I dunno . If a relationship requires too much " work " or either person has to give up things they like in order to be with each other , the relationship is on shakey ground to begin with .... If you have to give up something you love to do to be with somebody then its going to be a relationship thats mainly based on what one person wants .


Well MuskyCrazy...your post has definitly made me think in a different way and I really appreciate your comments on here. I agree that if a relationship is too much work it is probably not going to make it. But I disagree in the the statement that a relationship is doomed if either person has to give something up for other. In my particular relationship, all I ask for is to be his priority, to be love, and to be cherished. That means, in my view, that I should come before everything, except family. I'm not a demanding woman. All I want is to feel important and loved from him, but when he gives more attention and care to his friends than he does me...what am I suppose to think or feel? It's honestly painful. Tonight him and I had a conversation and I told him what I said above and that I need to see that he really does love me like he says he does.
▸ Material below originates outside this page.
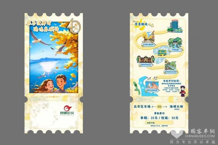 昆明公交集团北部营运分公司赏杏观鸥专线讲解员 何钰娴:“单程票就是从北市区车场到海埂大坝,或者从海埂大坝返回北市区车场,往返票可以当天不限次数地乘坐我们的赏杏观鸥专线。”
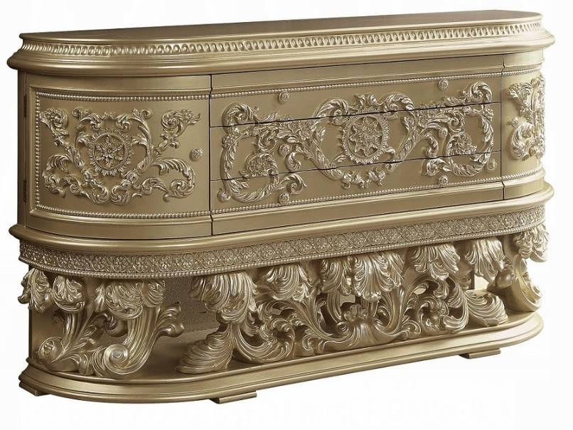 The Vatican Dining Room Collection brings dreamy romantic accents in classic design into your traditional dining room. Intricate trim features vigorous curves of scrolling vines and floral elements, while a champagne gold finish adds a touch of opulence and sophistication.Read More

Maybe it's just to soon for him or he's worried about being hurt, but I was in his postion once, my heart was broken by him, and I took him back, fully knowing the risks and at that point he gave up alot of things to make it work. I know I can do the same. I guess, only time will tell what will happen now. The conversation unfortunatley ended abrubtly when I was about to lose composure. I don't know what will happnen now, but I told him again everything and that I just can't wait around anymore. It's seriously ripping my heart in pieces over and over again.

Well that's my update...thanks guys again for all your advice. It's nice to hear outside opinions.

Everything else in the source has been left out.